■ WHAT NEEDS TO BE DONE
Taking the listing below, restate word for word each line from the line with "MilitaryBest has expanded" to the line with "Ruvati 33 inch", ends included, and stop there.

■ DATA SHOWN
= = = =
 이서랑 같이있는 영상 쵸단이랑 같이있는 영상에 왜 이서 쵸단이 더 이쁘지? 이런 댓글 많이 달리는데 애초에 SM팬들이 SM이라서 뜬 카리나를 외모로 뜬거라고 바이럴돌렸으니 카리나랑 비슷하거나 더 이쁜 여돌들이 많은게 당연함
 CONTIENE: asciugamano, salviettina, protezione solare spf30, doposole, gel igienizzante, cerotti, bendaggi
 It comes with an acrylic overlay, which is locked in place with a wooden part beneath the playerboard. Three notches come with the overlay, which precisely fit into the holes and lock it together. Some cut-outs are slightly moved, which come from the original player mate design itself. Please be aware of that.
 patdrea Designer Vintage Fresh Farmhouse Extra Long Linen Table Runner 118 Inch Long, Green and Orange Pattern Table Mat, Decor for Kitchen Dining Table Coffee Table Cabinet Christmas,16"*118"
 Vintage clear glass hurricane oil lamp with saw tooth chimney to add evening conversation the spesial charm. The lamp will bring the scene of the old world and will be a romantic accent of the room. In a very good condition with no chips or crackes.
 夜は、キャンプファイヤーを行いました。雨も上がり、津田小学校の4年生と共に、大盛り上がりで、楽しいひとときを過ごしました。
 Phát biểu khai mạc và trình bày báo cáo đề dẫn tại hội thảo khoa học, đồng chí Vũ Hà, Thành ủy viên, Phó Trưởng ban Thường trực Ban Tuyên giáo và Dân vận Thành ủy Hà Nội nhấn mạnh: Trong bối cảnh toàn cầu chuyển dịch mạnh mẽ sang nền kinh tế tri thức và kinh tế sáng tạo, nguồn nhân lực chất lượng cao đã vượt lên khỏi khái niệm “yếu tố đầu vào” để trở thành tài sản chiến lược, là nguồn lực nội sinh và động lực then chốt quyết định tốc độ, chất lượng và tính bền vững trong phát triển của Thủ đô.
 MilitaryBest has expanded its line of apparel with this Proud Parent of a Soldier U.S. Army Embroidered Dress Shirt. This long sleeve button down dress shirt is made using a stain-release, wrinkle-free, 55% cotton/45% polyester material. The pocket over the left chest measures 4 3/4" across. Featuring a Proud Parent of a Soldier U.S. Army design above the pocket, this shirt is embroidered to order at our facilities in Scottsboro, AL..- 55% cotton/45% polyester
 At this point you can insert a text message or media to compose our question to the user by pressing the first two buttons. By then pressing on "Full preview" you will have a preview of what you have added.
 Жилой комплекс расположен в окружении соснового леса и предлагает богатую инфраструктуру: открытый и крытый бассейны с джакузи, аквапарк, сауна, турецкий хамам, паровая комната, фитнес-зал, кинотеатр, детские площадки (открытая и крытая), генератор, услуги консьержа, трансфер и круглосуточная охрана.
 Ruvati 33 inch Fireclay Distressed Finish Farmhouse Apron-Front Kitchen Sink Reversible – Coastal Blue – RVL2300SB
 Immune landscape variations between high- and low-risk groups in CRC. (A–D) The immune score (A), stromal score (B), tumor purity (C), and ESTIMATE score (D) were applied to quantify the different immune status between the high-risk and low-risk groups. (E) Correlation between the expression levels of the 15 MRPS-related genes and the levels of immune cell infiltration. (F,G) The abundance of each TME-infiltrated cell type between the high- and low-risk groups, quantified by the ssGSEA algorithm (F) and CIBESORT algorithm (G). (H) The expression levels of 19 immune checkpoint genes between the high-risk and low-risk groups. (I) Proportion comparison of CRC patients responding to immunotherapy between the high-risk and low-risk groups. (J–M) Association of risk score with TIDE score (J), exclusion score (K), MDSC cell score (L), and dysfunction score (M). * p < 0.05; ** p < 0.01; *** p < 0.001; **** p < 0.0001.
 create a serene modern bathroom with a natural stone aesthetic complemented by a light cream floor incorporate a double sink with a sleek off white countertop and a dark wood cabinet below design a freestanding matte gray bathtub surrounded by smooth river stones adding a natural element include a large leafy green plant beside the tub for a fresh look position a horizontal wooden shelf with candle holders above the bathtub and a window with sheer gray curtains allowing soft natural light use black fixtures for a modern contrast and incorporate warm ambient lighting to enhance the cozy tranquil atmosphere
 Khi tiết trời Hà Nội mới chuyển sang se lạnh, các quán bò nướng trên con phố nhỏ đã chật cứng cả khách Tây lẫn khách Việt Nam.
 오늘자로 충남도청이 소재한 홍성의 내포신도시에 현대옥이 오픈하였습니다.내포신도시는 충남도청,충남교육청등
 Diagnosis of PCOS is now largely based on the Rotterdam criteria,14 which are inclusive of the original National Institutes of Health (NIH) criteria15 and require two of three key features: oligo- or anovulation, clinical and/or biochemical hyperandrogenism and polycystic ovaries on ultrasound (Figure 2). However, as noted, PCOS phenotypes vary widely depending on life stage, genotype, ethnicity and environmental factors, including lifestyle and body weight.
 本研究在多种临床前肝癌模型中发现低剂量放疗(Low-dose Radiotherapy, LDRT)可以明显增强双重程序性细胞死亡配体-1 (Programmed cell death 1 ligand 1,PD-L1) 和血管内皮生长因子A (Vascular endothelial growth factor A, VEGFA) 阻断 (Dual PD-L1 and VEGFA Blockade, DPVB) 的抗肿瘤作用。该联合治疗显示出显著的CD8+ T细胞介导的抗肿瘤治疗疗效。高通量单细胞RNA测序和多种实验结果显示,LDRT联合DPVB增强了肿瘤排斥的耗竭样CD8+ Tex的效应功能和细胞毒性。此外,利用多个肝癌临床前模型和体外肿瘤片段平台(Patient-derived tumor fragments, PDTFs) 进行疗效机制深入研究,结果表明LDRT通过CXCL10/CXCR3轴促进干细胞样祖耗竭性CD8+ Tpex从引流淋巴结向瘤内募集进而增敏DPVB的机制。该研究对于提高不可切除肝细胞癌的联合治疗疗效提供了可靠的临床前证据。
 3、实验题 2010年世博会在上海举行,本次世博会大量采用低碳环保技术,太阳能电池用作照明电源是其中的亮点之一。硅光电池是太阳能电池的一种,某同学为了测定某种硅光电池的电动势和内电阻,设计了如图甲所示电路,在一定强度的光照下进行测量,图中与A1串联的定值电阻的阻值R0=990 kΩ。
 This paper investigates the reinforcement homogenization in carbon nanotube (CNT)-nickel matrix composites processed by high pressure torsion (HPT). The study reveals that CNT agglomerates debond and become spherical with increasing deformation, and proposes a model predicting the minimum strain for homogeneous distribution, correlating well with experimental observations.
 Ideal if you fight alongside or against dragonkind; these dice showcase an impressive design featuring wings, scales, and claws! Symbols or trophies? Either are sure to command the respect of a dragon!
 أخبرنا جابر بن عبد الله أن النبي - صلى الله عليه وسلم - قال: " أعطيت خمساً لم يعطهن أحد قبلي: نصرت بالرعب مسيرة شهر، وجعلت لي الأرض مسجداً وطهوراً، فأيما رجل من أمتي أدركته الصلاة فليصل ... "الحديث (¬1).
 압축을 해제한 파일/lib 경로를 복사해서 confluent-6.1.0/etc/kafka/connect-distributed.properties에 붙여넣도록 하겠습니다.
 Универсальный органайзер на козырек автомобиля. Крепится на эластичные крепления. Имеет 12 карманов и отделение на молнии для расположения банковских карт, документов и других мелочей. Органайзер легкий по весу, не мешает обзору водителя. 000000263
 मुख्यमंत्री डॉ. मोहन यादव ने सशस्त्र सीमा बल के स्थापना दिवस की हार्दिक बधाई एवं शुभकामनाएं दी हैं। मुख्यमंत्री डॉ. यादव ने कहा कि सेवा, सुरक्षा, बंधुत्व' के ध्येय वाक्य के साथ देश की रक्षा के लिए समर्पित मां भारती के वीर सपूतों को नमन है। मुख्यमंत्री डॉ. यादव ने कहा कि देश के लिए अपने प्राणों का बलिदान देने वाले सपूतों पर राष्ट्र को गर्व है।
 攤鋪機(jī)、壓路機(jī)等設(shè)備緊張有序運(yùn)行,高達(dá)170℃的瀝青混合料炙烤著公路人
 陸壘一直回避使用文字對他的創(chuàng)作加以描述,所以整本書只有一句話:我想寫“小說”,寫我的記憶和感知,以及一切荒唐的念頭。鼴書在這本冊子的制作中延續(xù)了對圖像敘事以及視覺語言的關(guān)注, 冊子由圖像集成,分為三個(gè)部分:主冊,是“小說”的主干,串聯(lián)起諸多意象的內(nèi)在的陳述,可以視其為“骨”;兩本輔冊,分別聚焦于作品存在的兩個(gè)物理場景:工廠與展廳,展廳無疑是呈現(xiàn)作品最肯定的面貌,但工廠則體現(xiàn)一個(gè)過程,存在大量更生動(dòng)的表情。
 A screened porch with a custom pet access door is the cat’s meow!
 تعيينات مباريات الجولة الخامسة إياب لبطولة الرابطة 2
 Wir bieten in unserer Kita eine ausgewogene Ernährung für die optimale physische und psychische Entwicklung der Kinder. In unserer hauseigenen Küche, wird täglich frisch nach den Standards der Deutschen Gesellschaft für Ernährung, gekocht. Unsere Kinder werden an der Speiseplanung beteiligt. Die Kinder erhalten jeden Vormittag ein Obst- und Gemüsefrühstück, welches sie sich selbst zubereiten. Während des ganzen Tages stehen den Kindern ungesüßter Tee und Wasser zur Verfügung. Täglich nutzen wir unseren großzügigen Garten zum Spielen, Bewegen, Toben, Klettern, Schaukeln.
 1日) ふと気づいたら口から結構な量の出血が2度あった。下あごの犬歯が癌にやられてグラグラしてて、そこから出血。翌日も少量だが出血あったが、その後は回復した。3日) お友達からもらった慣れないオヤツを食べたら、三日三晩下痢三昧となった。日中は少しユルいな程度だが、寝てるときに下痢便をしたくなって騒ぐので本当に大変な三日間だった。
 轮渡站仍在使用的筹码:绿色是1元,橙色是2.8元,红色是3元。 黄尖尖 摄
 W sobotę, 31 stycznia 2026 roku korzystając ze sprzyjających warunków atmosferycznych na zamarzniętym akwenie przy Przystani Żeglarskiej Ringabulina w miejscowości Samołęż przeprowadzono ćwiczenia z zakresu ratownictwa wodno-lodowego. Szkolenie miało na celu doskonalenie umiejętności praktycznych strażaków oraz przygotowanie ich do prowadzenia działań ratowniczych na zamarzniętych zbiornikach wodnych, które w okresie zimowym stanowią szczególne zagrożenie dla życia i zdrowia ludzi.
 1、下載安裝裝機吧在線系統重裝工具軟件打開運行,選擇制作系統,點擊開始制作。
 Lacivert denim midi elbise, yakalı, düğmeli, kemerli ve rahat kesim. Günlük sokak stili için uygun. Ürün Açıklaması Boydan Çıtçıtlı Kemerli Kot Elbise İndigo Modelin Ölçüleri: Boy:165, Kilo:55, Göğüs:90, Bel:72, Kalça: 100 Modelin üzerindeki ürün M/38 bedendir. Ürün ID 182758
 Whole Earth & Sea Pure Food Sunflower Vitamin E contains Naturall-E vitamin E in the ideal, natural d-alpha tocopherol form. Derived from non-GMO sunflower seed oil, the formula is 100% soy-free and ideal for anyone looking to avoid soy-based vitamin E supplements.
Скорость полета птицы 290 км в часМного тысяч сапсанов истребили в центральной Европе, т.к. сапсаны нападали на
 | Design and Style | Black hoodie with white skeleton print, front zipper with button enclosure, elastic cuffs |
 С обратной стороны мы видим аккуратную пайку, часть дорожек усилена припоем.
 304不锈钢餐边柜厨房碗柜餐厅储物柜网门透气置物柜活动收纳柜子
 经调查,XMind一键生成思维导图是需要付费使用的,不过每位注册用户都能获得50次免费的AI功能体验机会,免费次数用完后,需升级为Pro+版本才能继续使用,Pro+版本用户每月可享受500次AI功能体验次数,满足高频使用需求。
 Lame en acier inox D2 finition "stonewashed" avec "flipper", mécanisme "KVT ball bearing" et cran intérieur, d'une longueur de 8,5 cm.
= = = =
■ TASK ANSWER
 MilitaryBest has expanded its line of apparel with this Proud Parent of a Soldier U.S. Army Embroidered Dress Shirt. This long sleeve button down dress shirt is made using a stain-release, wrinkle-free, 55% cotton/45% polyester material. The pocket over the left chest measures 4 3/4" across. Featuring a Proud Parent of a Soldier U.S. Army design above the pocket, this shirt is embroidered to order at our facilities in Scottsboro, AL..- 55% cotton/45% polyester
 At this point you can insert a text message or media to compose our question to the user by pressing the first two buttons. By then pressing on "Full preview" you will have a preview of what you have added.
 Жилой комплекс расположен в окружении соснового леса и предлагает богатую инфраструктуру: открытый и крытый бассейны с джакузи, аквапарк, сауна, турецкий хамам, паровая комната, фитнес-зал, кинотеатр, детские площадки (открытая и крытая), генератор, услуги консьержа, трансфер и круглосуточная охрана.
 Ruvati 33 inch Fireclay Distressed Finish Farmhouse Apron-Front Kitchen Sink Reversible – Coastal Blue – RVL2300SB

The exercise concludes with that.